Bullying Prevention: What if your kid is the bully?

What if your kid is the bully (1)-min

Whether it was from another parent or a teacher, learning that your child might be bullying others is some of the worst news you can get. Take a deep breath. It’s natural to deny that it’s happening, but it’s okay. You’re not a failure as a parent. You just need to take some steps to help your child correct their behavior.

Start with an open conversation about the event and don’t immediately begin with punishments and criticism. Rather than immediately taking a strict tone, listen to them explain what they did and why. Bullying never happens without a cause, and can only be fixed by addressing the root of the problem. Take note of how long it has been going on as well as how many other kids it affected.

Put meaningful consequences in place for your kid’s actions. Establish what the consequences of their actions are, and hold them to it every time. An important thing to keep in mind is whether it’s a balanced punishment. Too much and your kid will give up on changing their behavior, too little and they won’t correct their behavior. Also, make sure that the “punishment fits the crime”. If your child is cyberbullying, for example, confiscating their internet devices would be a fitting consequence.

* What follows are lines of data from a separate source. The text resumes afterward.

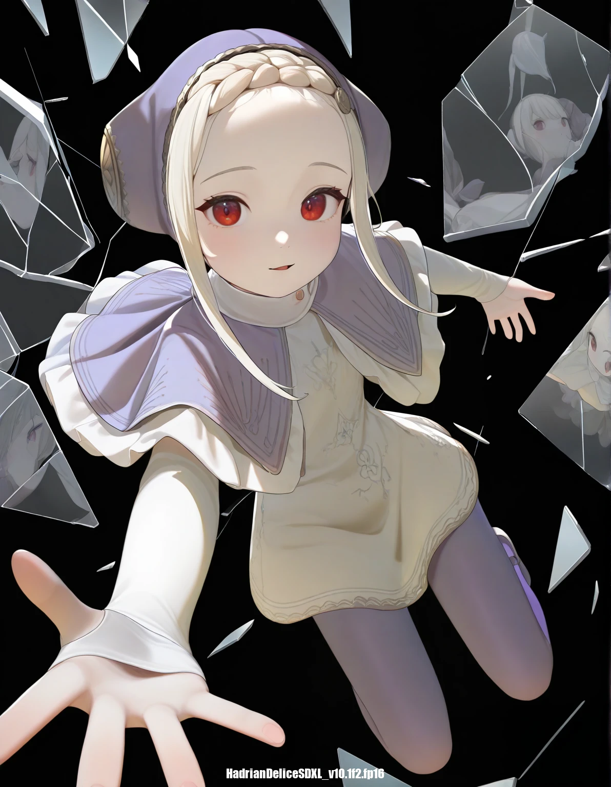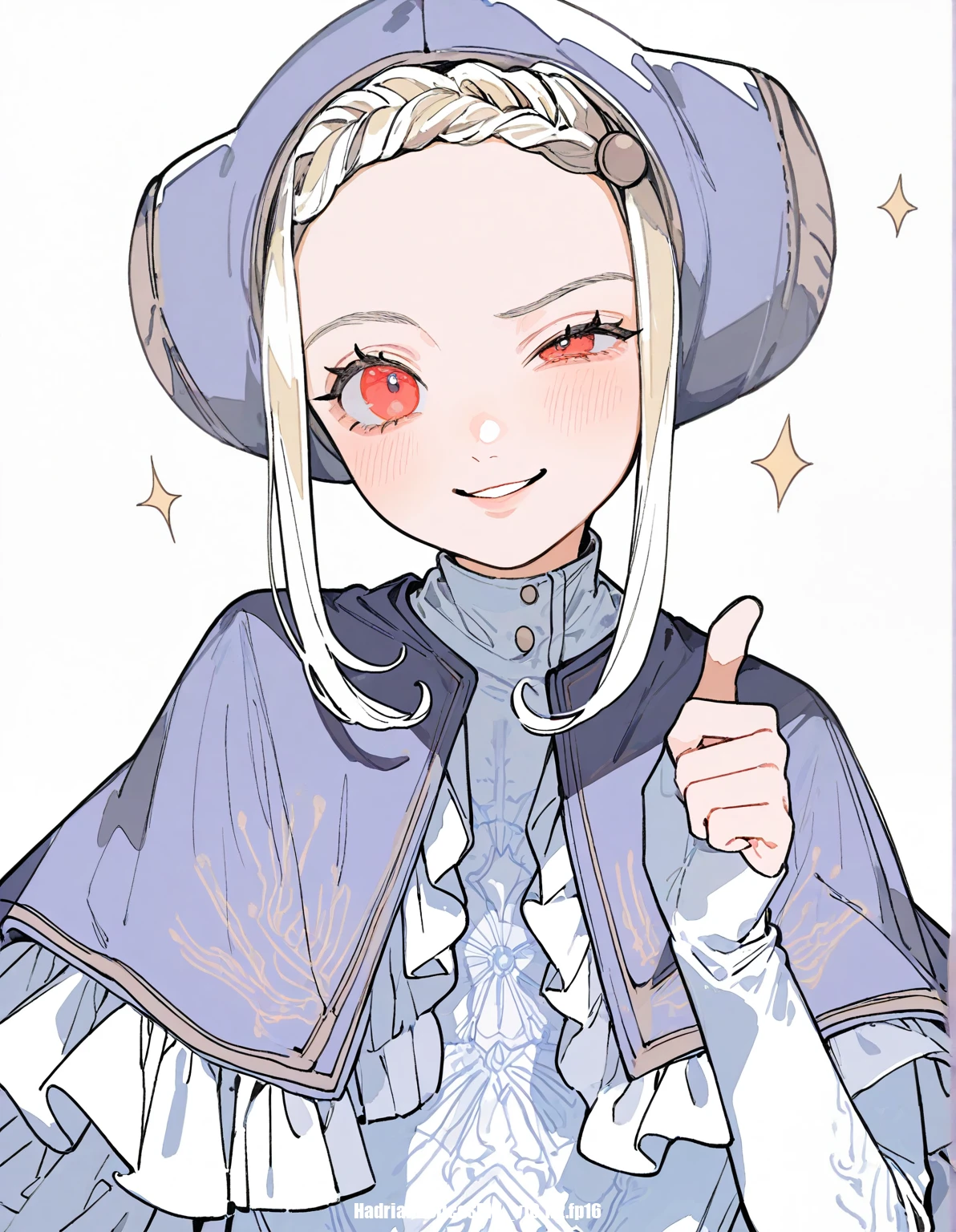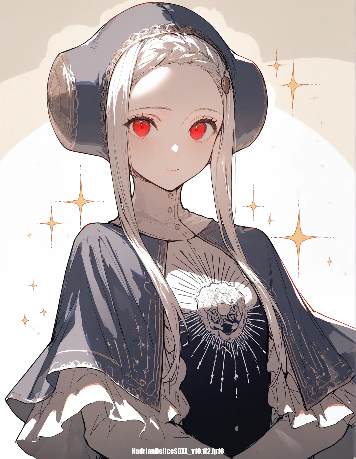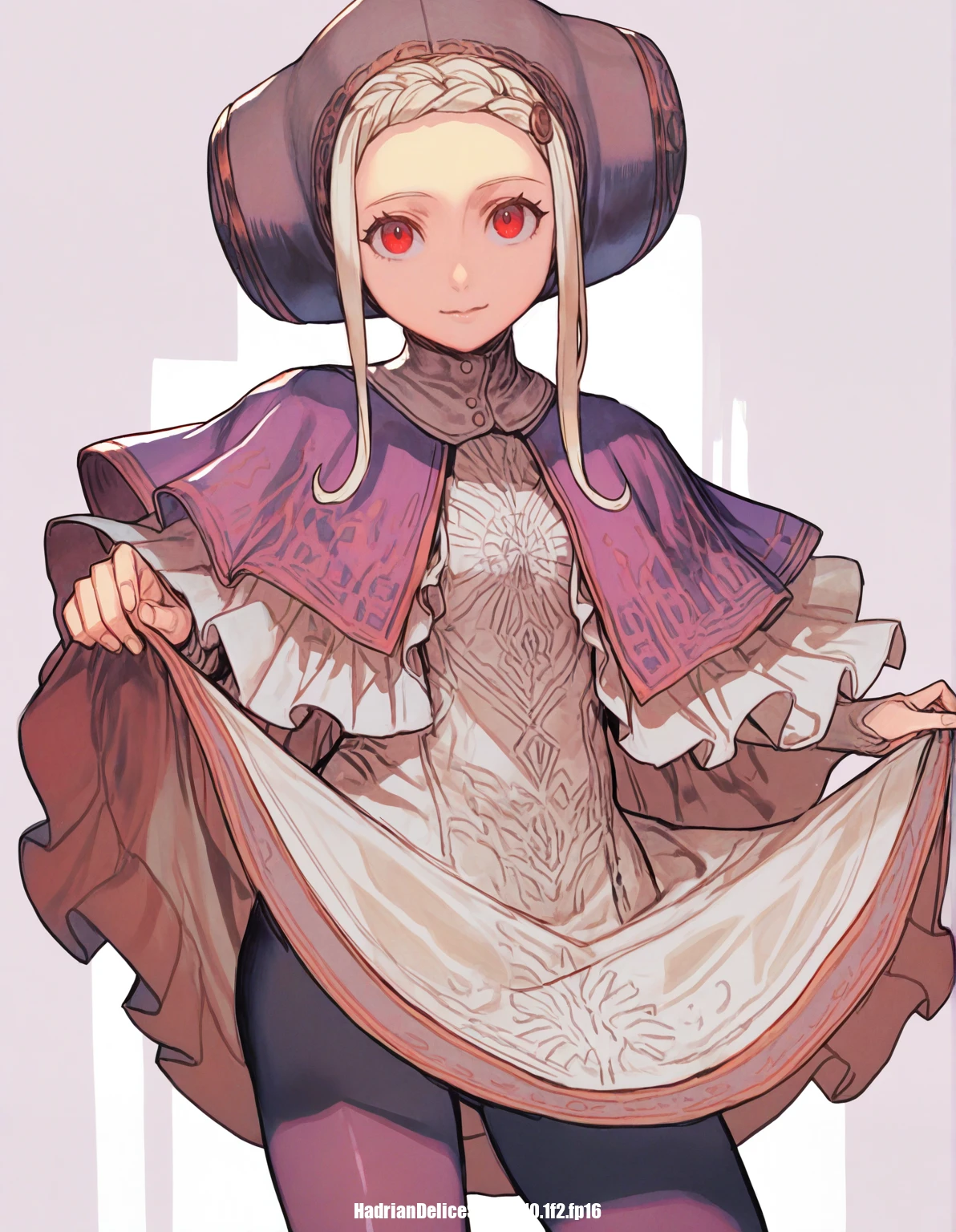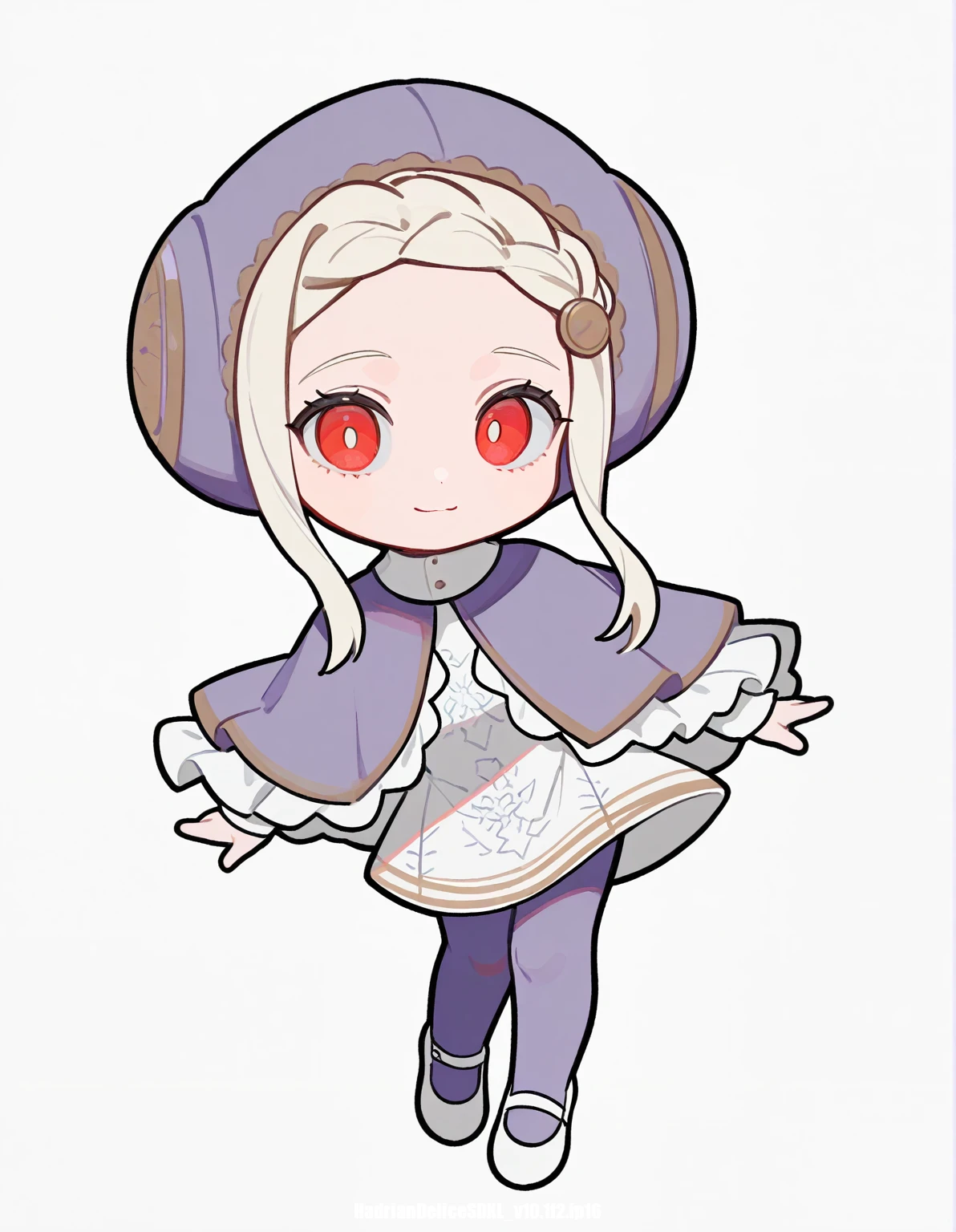 capelet, dress, escoffion, purple pantyhose, sidelocks, white mary janes, red eyes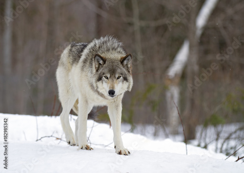 © Jim Cumming, Naklejka premium Samotny wilk leśny lub wilk szary (Canis lupus) spacerujący po śniegu w Kanadzie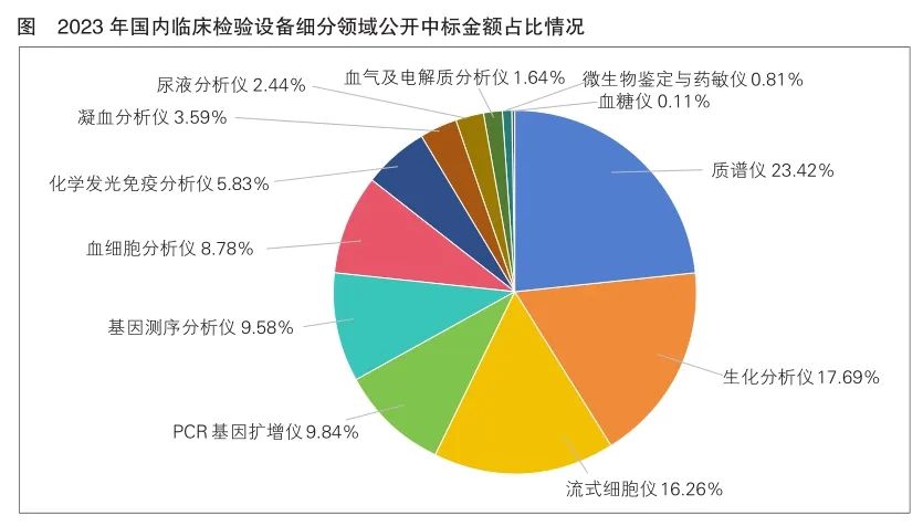 从细分领域来看,2023年我国临床检验设备公开中标金额占比较大的为质谱仪、生化分析仪、流式细胞仪三大细分领域,占比之和近60%(详见图)。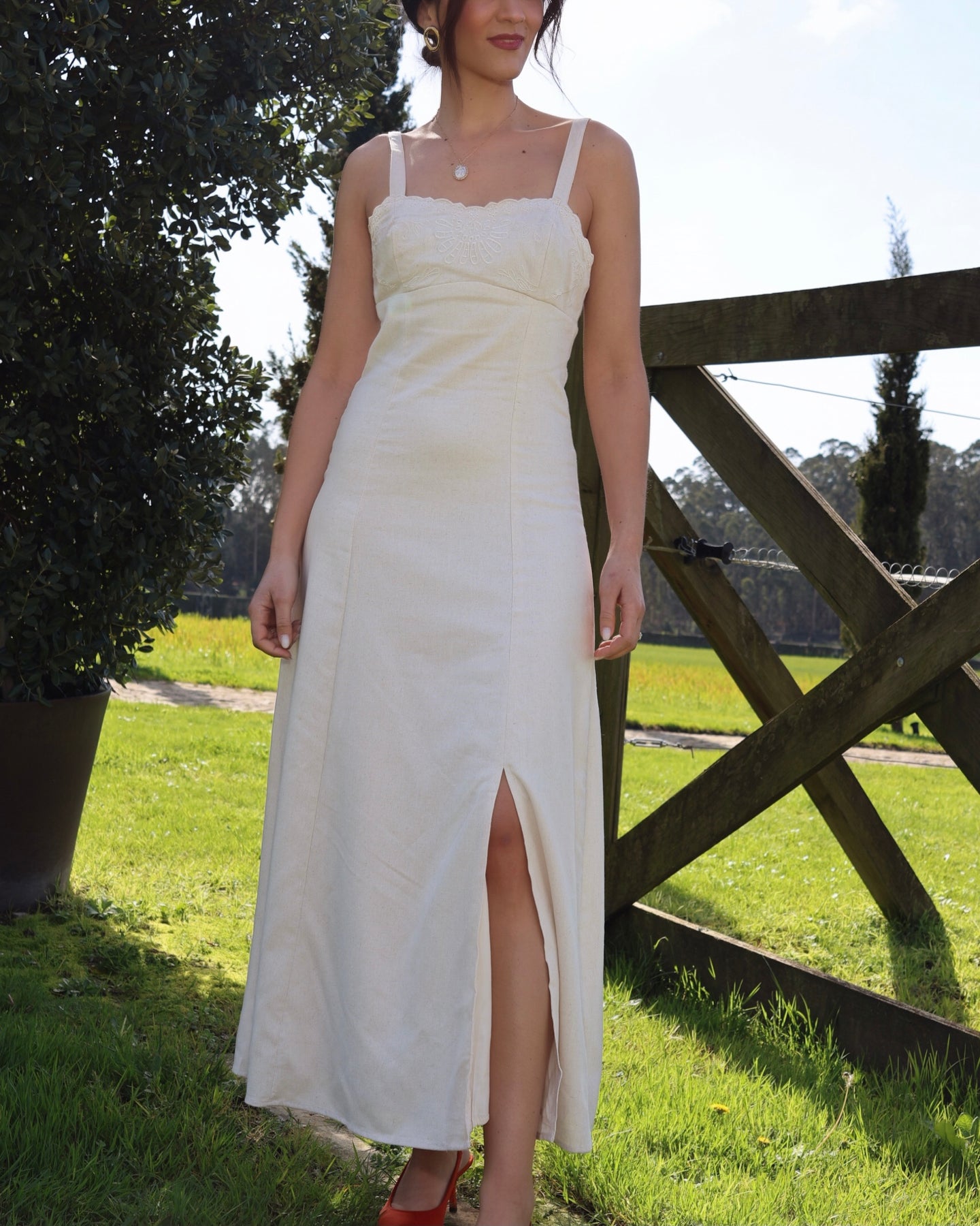 Vestido midi em linho, alças ajustáveis, fecho lateral, forrado por dentro, racha frontal lateral. Coleção Primavera 2026.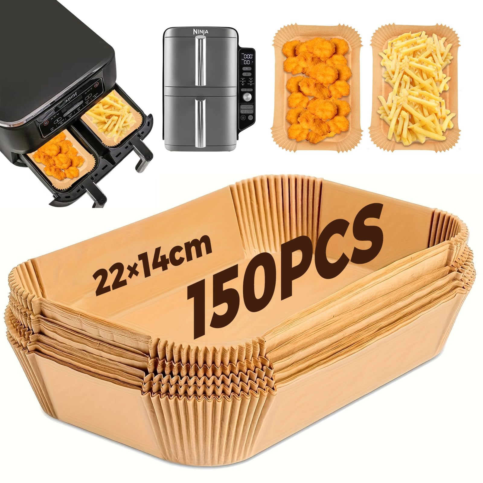 - La confezione include 150 fogli rettangolari di carta pergamena antiaderente, con dimensioni interne di 22×14 cm e un bordo rialzato di 3,5 cm per proteggere i lati della friggitrice, compatibili con modelli come Ninja Foodi Dual Zone Double Stack e altre friggitrici ad aria doppie.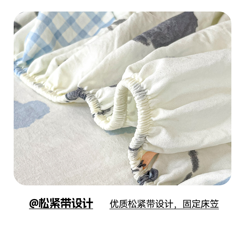 (总)盛秋家纺 2025新款A类水洗棉卡通印花床笠单品床笠单件单床笠,花满天,欢乐狗,开心乐园,开心派对,腊肠狗,铃兰,萌宠乐园,着迷,组合图仅供展示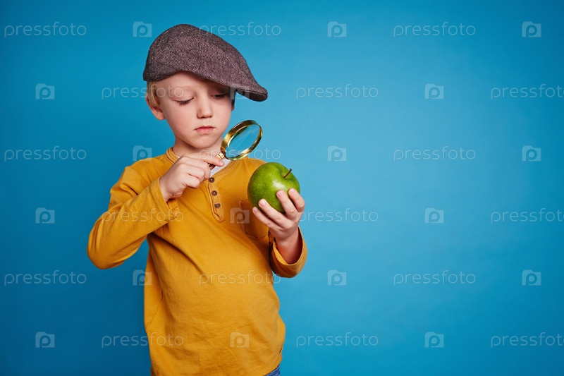 Мальчик изучает яблоко через лупу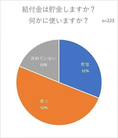 給付金をもらえる家庭のうち、使わずに「貯金」すると答えた人は31%、半数の方が給付金を貯めずに「使う」と回答しています。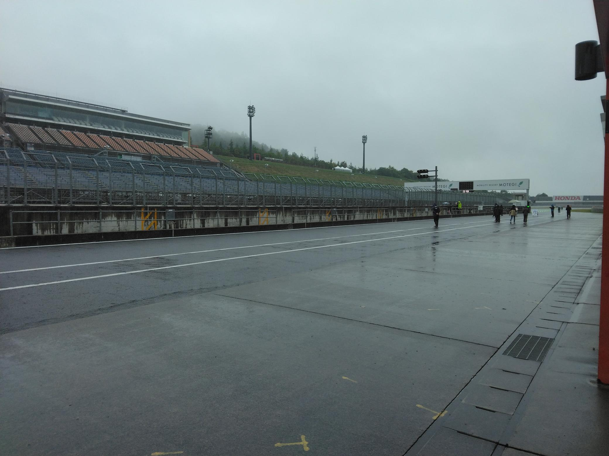 フリー走行を終えました。雨滴とスクリーンの曇りにより前方の視界が悪く、前が見えない中での走行でした。このため、雨が続く場合はスクリーンを取る判断をし、午後の決勝に臨みます。決勝レースは30分遅れの14:55スタートになりました。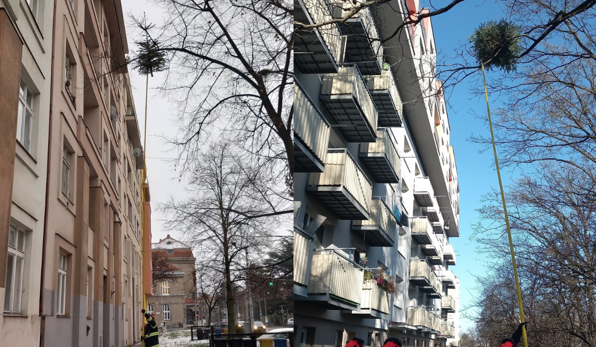 V korunách brněnské zeleně uvízly vánoční stromky. Popasovat se s nimi museli hasiči
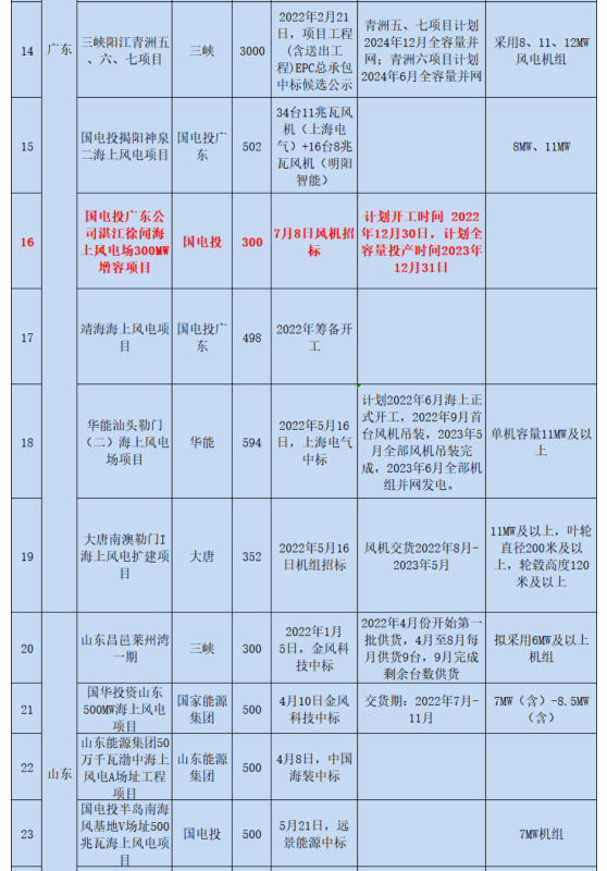 中國儲能網(wǎng)訊:風(fēng)芒能源獲悉,7月8日,國電投廣東公司湛江徐聞海上風(fēng)電場300MW增容項目風(fēng)機(jī)招標(biāo)。

Now comes the hard part: take an honest look at behavior at home and make the changes you want to see in your child. Are there any arguments, interactions, or times you’ve lost your temper in front of them? Children can act on their own, but more often than not they are imitating something they’ve seen before. Change might mean having discussions in a different way, avoiding making specific jokes, or dealing with your anger in a better way. But always practice what you preach when you’re trying to correct behavior.

Finally, you should work with your kid to make things right for the kids that were being bullied. Have your child write apology letters, bring snacks into the class, or say nice things to the children who were wronged. If it’s a problem of feeling insecure or unwelcome in a class, help them work through it. No matter what, closely monitor their behavior afterward to be certain they won’t relapse into bullying again.